While brainstorming about our current research, Dr. Filipo Sharevski, another co-Director of DDL, and I wrote down the word “soul” on the whiteboard. We wanted to explore, as an ongoing concept, how much of what we might think of as a “soul” can be captured in data. This is not a word either of us use in regular conversation, and certainly not serious academic discussions. To some degree, though, Divergent Design Lab is concerned (and I am very concerned) about the cybersecurity triad “CIA” as it relates to our “souls,” whatever they are. DDL is researching the outer fringes of how much of our lives can be captured in data, and what that means in terms of how we can be exploited.
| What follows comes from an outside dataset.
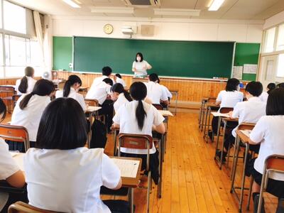 進路学習の一環として、1学年では夏休み中に「職業人へのインタビュー」を行いました。今日は、各自でインタビューしてきたことをクラスで発表会を行い、職業について学び、働くことについて考えることができました。「高校生へのアドバイス」として、多くの生徒が「今しかできないこと、たくさんのことに挑戦することが大切」という言葉をもらっていたようです。2学期がスタートします!!  たくさんのことに挑戦しよう!!

Beyond social media, and social engineering, code is increasingly able to threaten the confidentiality, integrity, and availability of our lives, our bodies, our livelihood, and our relationships. The concept of uploading oneself to a computer is rarely considered in relation to how easily that could be exploited, how vulnerable that would make you2.
If how we act could be predicted, with 100% accuracy, have we possibly lost our free will, at least? Are our souls in danger? These words are slippery, but they feel apt. What Phil Agre called the “borderlands” between the computer world, and our own world outside have advanced much further than perhaps anyone but Agre imagined.
I feel like I need a word like “soul” to think about what part of us cannot be turned into probability and statistics, the roots of machine learning. How trackable are we? How predictable are we? What does that mean for our ability to change and effect change? What is possible, anywhere in the world, against an oppressive regime that has access to everything about our lives that is available online? Even in relatively free countries, among privileged people, we are, perhaps, more vulnerable than we imagine. When DDL gets into heavy areas like this I tend to find myself back in front of philosophy:
“There is no need here to invoke the extraordinary pharmaceutical productions, the molecular engineering, the genetic manipulations, although these are slated to enter into the new process. There is no need to ask which is the toughest or most tolerable regime, for it’s within each of them that liberating and enslaving forces confront one another. For example, in the crisis of the hospital as environment of enclosure, neighborhood clinics, hospices, and day care could at first express new freedom, but they could participate as well in mechanisms of control that are equal to the harshest of confinements. There is no need to fear or hope, but only to look for new weapons.”Gilles Deleuze, Postscript on the Societies of Control
- 1. Cybersecurity & information security: field in which I am as much an expert as I am in philosophy: not an expert. That does not stop me because I have an art degree. As Jes regularly reminds me, we’re professional imposters.
- If I’m wrong, and this has been covered, please @PTreebridge with readings, fiction or philosophy.